Scaling Issue – AWS memory, CI/CD Issue, Docker Container Issue or Performance Issue
|Invalid Issue||The issue has not required any actions to close||N/A|
Where to get data
Basically, pulling data from defect tracking tools. If you are using JIRA tool, you can easily create queries to filter data.
- Determine problem
- Identify possible causes
- Propose preventive and corrective actions
- Analyze and monitor the effectiveness and usefulness of actions
- Collect the right information
- Create a fear-free incident reporting environment, don’t need to use MIP (Mention in Person)
- Get everyone to buy in but make sure that RCA is to uncover faults in the process rather than the individuals. Build a positive atmosphere of collaboration to figure out the root and appropriate actions, and avoid dwelling on the cause and individuals.
- Ask questions: use the 5-Whys technique and/or Fishbone diagram
- Apply Pareto: 80-20 rule. About 80% of your issues will be caused by 20% of your problems. Therefore, focus your attention on where you can have the greatest impacts.
- Leverage technology rather than manual with too cumbersome to have the most effectiveness
- To reduce the escaped defects and increase bug detection capability, you can refer to lessons learned in the two following books to generate test ideas better.

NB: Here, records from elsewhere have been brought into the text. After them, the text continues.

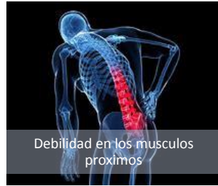
Debilidad en los musculos proximos
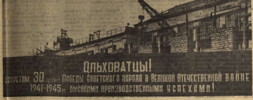
НА СНИМКЕ: новостройки Олыватки.
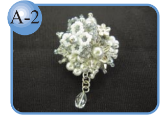
A-2 チェコビーズ使用。 アンティークブローチ1,500円
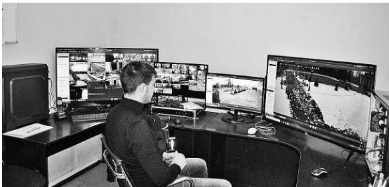
На території КПІ встановлено близько ста камер відеоспостереження. На центральному пульті – цілодобове чергування.
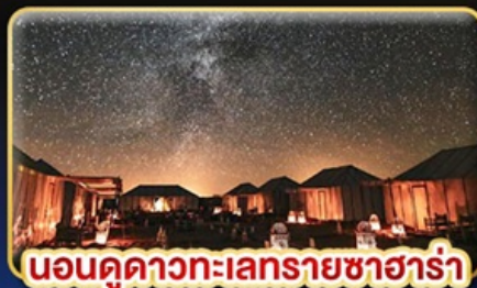
นอนดูดาวทะเลทรายซาฮารา
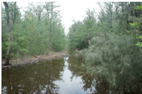
▲開溝築堤營造海岸林
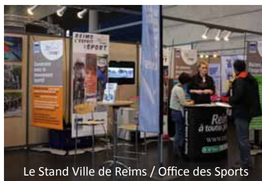
Le Stand Ville de Reims / Office des Sports
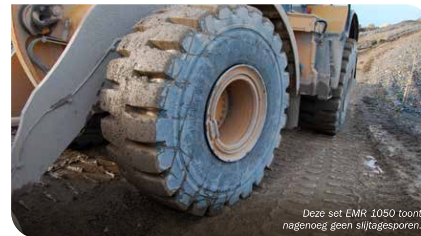
Deze set EMR 1050 toont nagenoeg geen slijtagesporen.

De Trelleborg EMR-serie is ontworpen om de productiviteit te verbeteren in kritische bouwtoepassingen, door zowel een verbeterde bescherming tegen schade als duurzaamheid te bieden. Het multi-surface loopvlakprofiel biedt controle en een perfecte grip. Het sterke radiale karkas en de ultramoderne
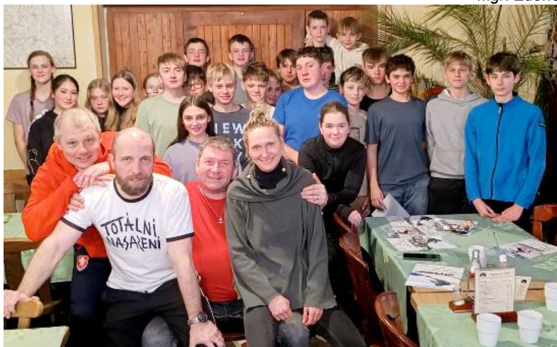
Lyžařský výcvikový kurz v Deštném v Orlických horách
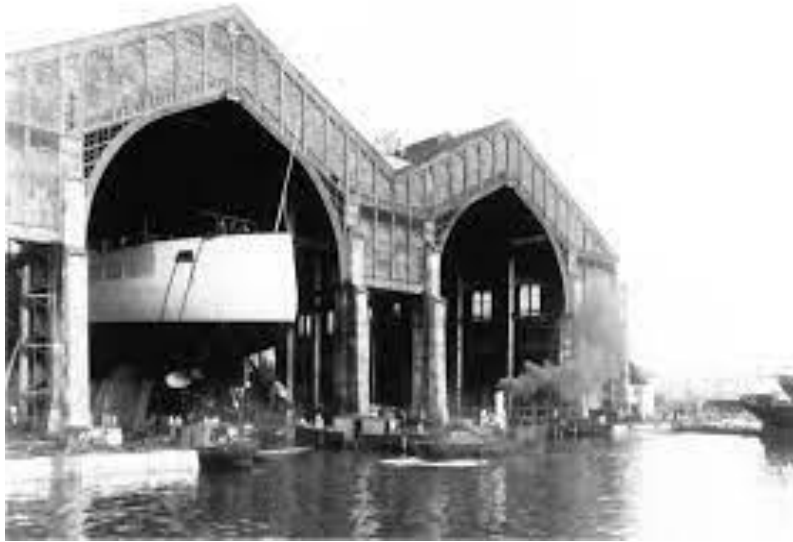
Фотографија 5. Арсенал у Пули

25. Скоро цео 19. век Истром је управљала Аустрија, због чега је Истра остала заостала и сиромашна покрајина. Одлучујући је био утицај бечке владе, која није показивала посебну бригу за напредовање тог подручја, које је првенство имало војно-политичку и стратешку важност.
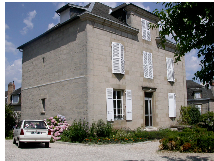
Petit Hôtel particulier 15 rue de la Fontaine Bleue
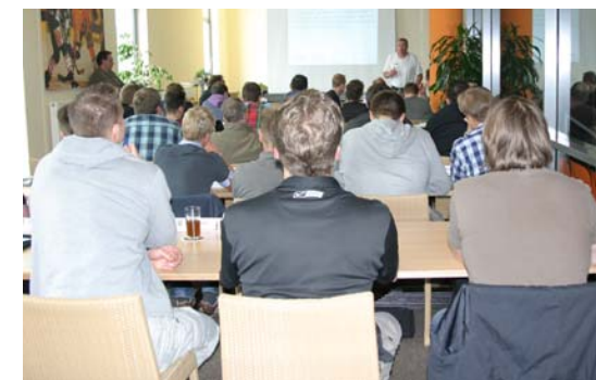
Regelkunde durch qualifizierte DEB-Referenten
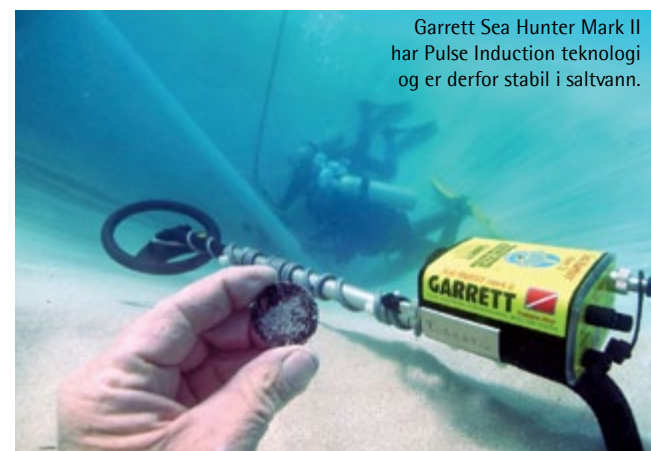
Garrett Sea Hunter Mark II har Pulse Induction teknologi og er derfor stabil i saltvann.

Vi lagerfører flere forskjellige vanntette metalledetektorer som takler det vanskelige salte miljøet på saltvannsstrender, hvor de fleste landdetektorer kommer til kort. Vi har gode kombi-modeller for søking på land og til vanns (vading i saltvann og ferskvann), mens andre er spesielt egnet for undervannsbruk (snorkling og dykking). Vi har de markedsledende modellene! Vi nevner Minelab Excalibur II, Minelab CTX 3030, Minelab SDC 2300, Garrett AT Pro/Gold, Garrett Infinium Land & Sea, Garrett Sea Hunter, Garrett ATX, Tesoro Sand Shark og DetectorPro Headhunter Wader. Vi har også hodetelefoner og pinpoint prober for bruk i vann. Sjekk produktinfo, spesifikasjoner, videoer, priser og lagerstatus på metallsoker.no
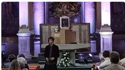
Minimalisme medieval en el segon concert del Festival Internacional d'Orgue de Capellades DL, 20/05/2024 | REGIÓ 7

- “50 Quick Ideas to Improve your Tests” by Gojko Adzic, David Evans, Tom Roden
- “Explore It! Reduce Risk and Increase Confidence with Exploratory Testing” by Elisabeth Hendrickson
Great post. Thank you for sharing.
Thanks for any other wonderful post. Where else may just anybody get that type of information in such an ideal way of writing?
I’ve a presentation subsequent week, and I’m on the
search for such info.
Thank you, vivaldiaudio. I love to hear that you found it helpful. I captured these knowledge from my testing experience and testing consulting over the time.